The court expanded the protection in ensuing decades, and it now covers “all but the plainly incompetent or those who knowingly violate the law,” a rationale offered by the Supreme Court in 1986 in an unlawful arrest case.
As a result, victims and families accusing police officers of brutality must find a virtually identical case where officers were held responsible to cite as precedent in cases where officers claim qualified immunity.
Since Brown’s shooting death by a white officer in 2014 and protests over it prompted a national conversation about racism and police brutality, both liberal and conservative justices have expressed doubts about the doctrine. Justice Sonia Sotomayor wrote in 2018 that the doctrine “tells officers that they can shoot first and think later, and it tells the public that palpably unreasonable conduct will go unpunished.”
When the Supreme Court declined recently to take up several cases concerning qualified immunity, Justice Clarence Thomas, the lone dissenting voice, expressed “strong doubts” about the doctrine.
Critics have accused the court of arbitrarily contriving it. At a House Judiciary Committee hearing last week, Rep. Jerrold Nadler, D-N.Y., the committee chairman, said that before qualified immunity was “invented” by the Supreme Court, “the world did not fall in.”
David Cole, the national legal director of the American Civil Liberties Union, which filed one of the petitions rejected by the Supreme Court last week, called the doctrine “a free pass” for police officers “to violate constitutional rights without being held to account.”
Although the doctrine is intended to protect officers from paying for the damages they cause, he said the result is that officers are more likely to abuse their powers.

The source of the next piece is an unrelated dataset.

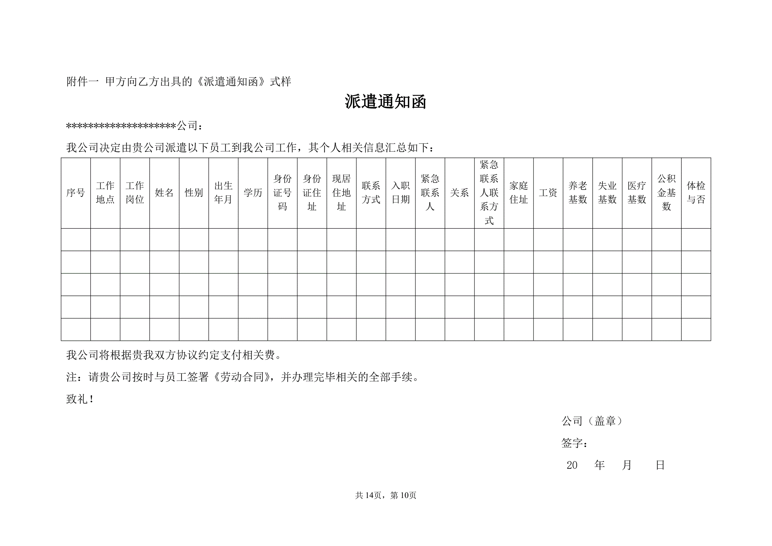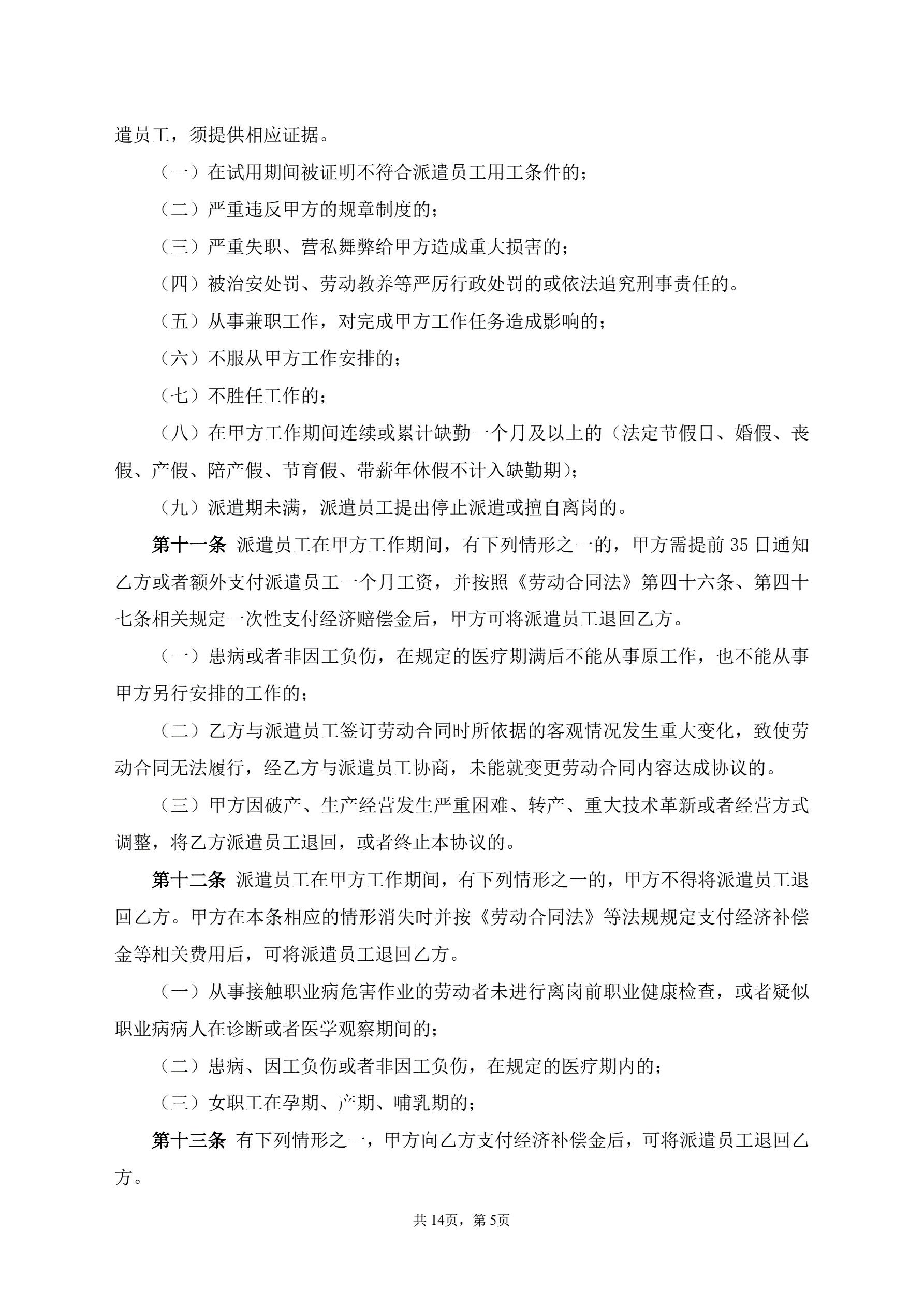 待岗协议

“Fiscal concerns are overriding concerns about justice and police accountability,” Cole added.
It’s necessary
Advocates on behalf of police insisted that qualified immunity was necessary for officers to protect the public. Its protections allow officers to make life-or-death decisions in a matter of seconds, they said, and without it, fewer people might be willing to join police forces.
Republicans in Congress have rejected any change to the broad protection afforded to police officers. Sen. Tim Scott, R-S.C., who sponsored his party’s bill, called Democrats’ effort to eliminate qualified immunity a “poison pill.” Republicans’ policing bill would create incentives for departments to use body cameras and ban chokeholds as well as create a system to track misconduct.
Sen. Lindsey Graham, RS.C., chairman of the Senate Judiciary Committee, did signal an openness to revisiting the doctrine at a committee meeting last week.
“Maybe there’s something we can do with the concept of qualified immunity that would put more accountability into the agencies that run police departments,” he said.
Another Republican senator, Mike Braun of Indiana, introduced legislation Tuesday that would change how qualified immunity was applied. Under his proposal, officers could claim the protection only under two conditions: when their conduct had been legally authorized or required or if a court found that it did not violate the Constitution or federal laws.
Wayne Jones’ family won a small victory this month when the 4th U.S. Circuit Court of Appeals ruled that the officers involved in his killing could not claim qualified immunity. Noting that the FBI had just begun investigating Floyd’s killing, the court wrote, “This has to stop.”
Jones’ relatives are awaiting a decision from the West Virginia Supreme Court about whether they are entitled to see secret testimony given to the grand jury that voted not to indict the officers and whether they are entitled to a new grand jury altogether to investigate the case anew.